We're suspicious that she swindled or coerced the decedent into putting $150,000 into a bank account ITF the name of the Executrix
It appears the residual legatee is suspicious because they are suing the Executrix.
As I wrote previously, the only person with standing to recover assets transferred by the deceased prior to death is the estate itself, which must act through the executor. If the pre-death transfer was to the person who is now the executor, that creates an obvious conflict of interest, so the preliminary step is to seek to have the executor removed so that a new executor can be appointed who will pursue the claim.
Would it be a good idea to send an email to the attorney that handled the old lady's will and ask "what are the grounds for which THE CHURCH is suing?" and mention that we know the name of the law firm that represents the church?
If there's a lawsuit, it's a matter of public record, so I don't really understand why you seem to think knowing the name of the law firm is important. And, of course, if you want to know about the details of the lawsuit, you can go to the court clerk's office and request to view the file.
As far as the question, would it be a good idea for WHO to "send an email to the attorney that handled the old lady's will"? Are you asking if YOU should send such an e-mail? Why would you think this attorney would have the slightest idea why the church is suing? Just because the attorney "handled the . . . will" doesn't mean he is involved in the proceedings to administer the estate or knows anything about the lawsuit. Is he in fact involved with the estate? If so, in what capacity is he involved? Does he represent the executor?
We were all promised a certain amount of money.

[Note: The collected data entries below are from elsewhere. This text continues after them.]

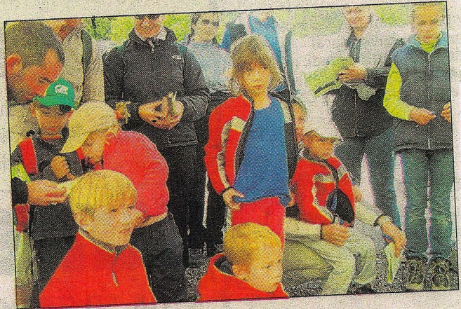
Le jeune public s'est passionné à l'écologie au travers des animations proposées en parallèle de la course.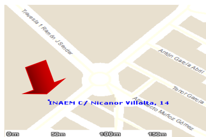
Mapa geográfico de localización:

C/ Nicanor Villalta, 14. 44002 TERUEL Dirección electrónica: empresate.inaem@aragon.es Página web: https://inaem.aragon.es/espacio-empresas Teléfono 978 614 605 Medios de transporte públicos cercanos al centro: autobús urbano líneas A y B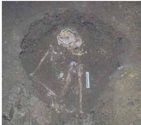
โครงกระดูกมนุษย์ ขุดพบที่เพิงผาถ้ำลอด จ. แม่ฮ่องสอน

สภาพแวดล้อมไม่แตกต่างจากปัจจุบันมากนัก แต่จะมีความหนาแน่นของพืชพรรณในป่าและความชุกชุมของสัตว์ป่ามากกว่าปัจจุบัน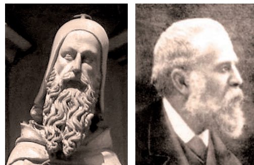
Aquesta imatge parla

En primer lloc, produeix una notable admiració l'agudesia i la intuïció de Josep Pla en preveure la dimensió universal que assoliria l'arquitecte de la Sagrada Família, quan tot just començava aquest fenomen. «Gaudí —afirma Josep Pla amb gran perspicàcia— és un dels catalans de volada més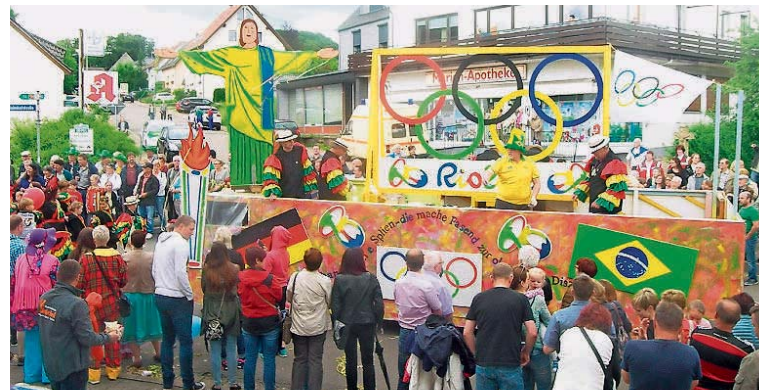
Fasend wird olympische Disziplin: Das forderten die Karnevalisten aus Eisen.

Im Festzelt war abschließend der Auftritt der Band Bruise Brassers angesagt. Na denn bis 2027 zur nächsten Geburtstagsparty.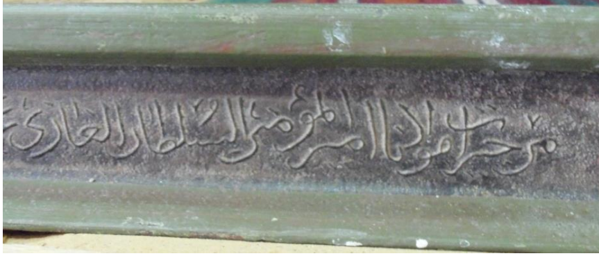
( لوحة 3 ) تفاصيل من النقش الكتابي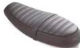
KOMFORTSITZ BROWN A2306448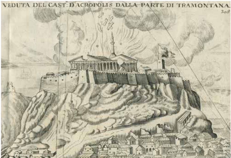
Francesco Fanelli, Ο βομβαρδισμός της Ακρόπολης της Αθήνας από τους Ενετούς τον Σεπτέμβριο του 1687 . Σχέδιο του λοχαγού Giacomo Verneda (1695), Ελληνική Βιβλιοθήκη - Κοινωφελές Ίδρυμα Αλέξανδρος Σ. Ωνάσης (travelogues.gr).

του Francesco Morosini, που κατέκτησε για λίγο την Πελοπόννησο και υπήρξε αιτία για τον βομβαρδισμό του Παρθενώνα το 1687. 8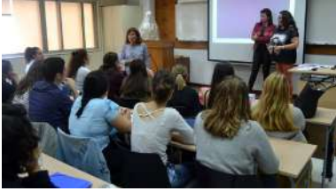
Un intre da anterior edición desta iniciativa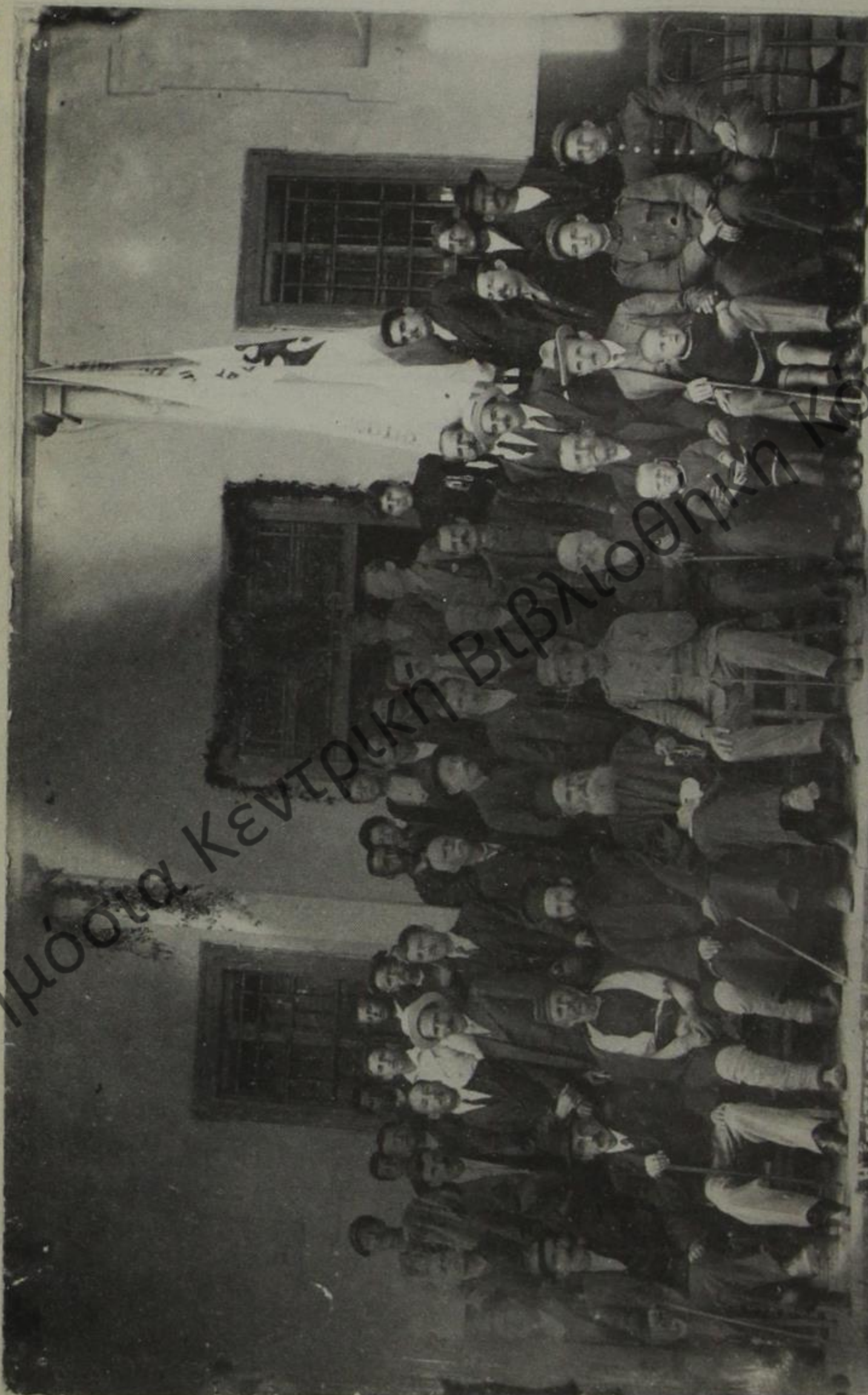
Η ΕΠΕΤΕΙΟΣ ΤΟΥ ΚΟΙΝΟΤΙΚΟΥ ΣΥΝΔΕΣΜΟΥ 30-6-1922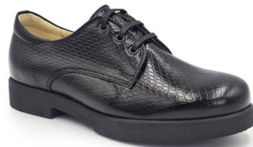
полуботинки для школьников: 64876 32-35 натуральная кожа натуральная кожа + текстильный материал тэп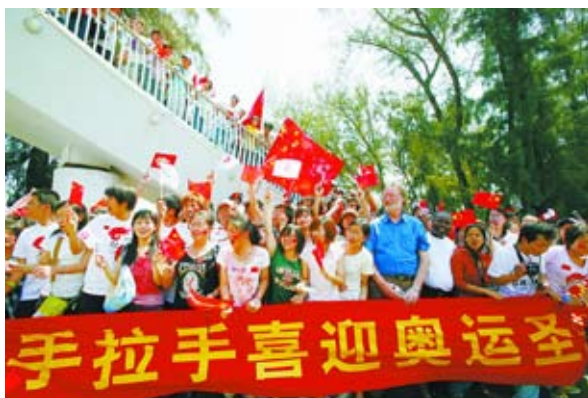
厦大师生喜迎奥运圣火

威风锣鼓喧天、五星红旗招展……厦大学生以丰富多彩的方式尽情表达对奥运的美好祝愿,展示爱国爱校、自强不息的精神风貌。各院系的方阵中,同学们以匠心独具的创意之作表达心中的喜悦;长龙呈祥,金狮献瑞,厦大舞龙舞狮队的同学为圣火的到来而欢腾起舞;外文学院的学生用英、日、法、德、俄五国语言做成的旗帜抒发着“同一个世界,同一个梦想”的情怀……一时间,师生激情迸发、厦大校园沸腾!(王瑛慧 李静)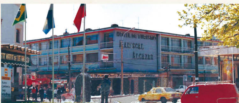
Un hotel que no funciona desde 2010 lleva el nombre del Mariscal Alcázar. También la avenida del sector poniente.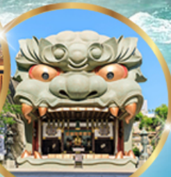
ศาลเจ้านิมะ ยาชากะ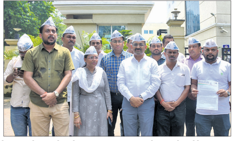
ପୋଲିସ୍ କମିଶନରଙ୍କୁ ସ୍ମାରକପତ୍ର ଦେବାକୁ ଆସିଥିବା ଏଏପିର ପ୍ରତିନିଧି ଦଳ ।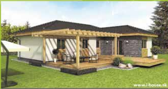
Montovaný dom i5 na klúč, zastavaná plocha 124 m 2 Cena 87.900,- €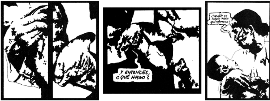
Ill. 5. El Cubri, El que parte y reparte se queda con la mejor parte , Madrid, 1975, © Fundamentos, p. 3 (2-3), p. 4 (3), p. 5 (3)

des codes de la bande dessinée classique, El Cubri s'est tourné vers une sorte d'esthétique de la laideur qui s'applique à tous les échelons de la planche. Celle-ci se manifeste d'abord au niveau des cases par la présence récurrente de très gros plans saturant l'espace vignettal de telle manière qu'il en devient presque impossible d'identifier l'objet représenté (ill. 5, les trois premières images). Ce cas de figure, présent dans diverses nouvelles de l'album, pourrait être caractérisé de déformation par effet de loupe ou de poétique de l'émiettement .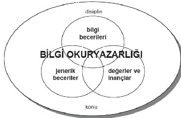
(Şekil 2): ANZIIL, Bilgi Okuryazarlığının Unsurları Modeli (Bundy, 2004, s.7).

ANZIIL'in Bilgi Okuryazarlığının Unsurları Modeli ise diğer modellerden oldukça farklıdır. Bu model, jenerik beceriler; bilgi becerileri; değerler ve inançlar olmak üzere birbirleriyle ilişkili üç temel unsurdan oluşmaktadır. Bunlara ek olarak, konu ve disiplin de belirleyici unsur olarak modele eklenmiştir. Jenerik beceriler problem çözme, eleştirel düşünme, iletişim ve işbirliği gibi becerileri; bilgi becerileri bilgi arama ve kullanma gibi bilgi problemi çözme aşamalarını ve bilgi teknolojileri kullanma becerilerini; değerler ve inançlar ise bilginin etik kullanımı ve sosyal sorumluluklar gibi unsurları içermektedir (Bundy, 2004, s.7) (Şekil 2).

Are you referring to a promise that the deceased made while she was alive? If so, such promises are legally meaningless. Or are you talking about what the will says? I can make a will that purports to leave a million dollars each to my 4 siblings and the balance of my estate to a charity. However, if don't have more than $4M when I die, it is meaningless that my will purports to leave my siblings $1M each or that I designated a charity to receive the residue.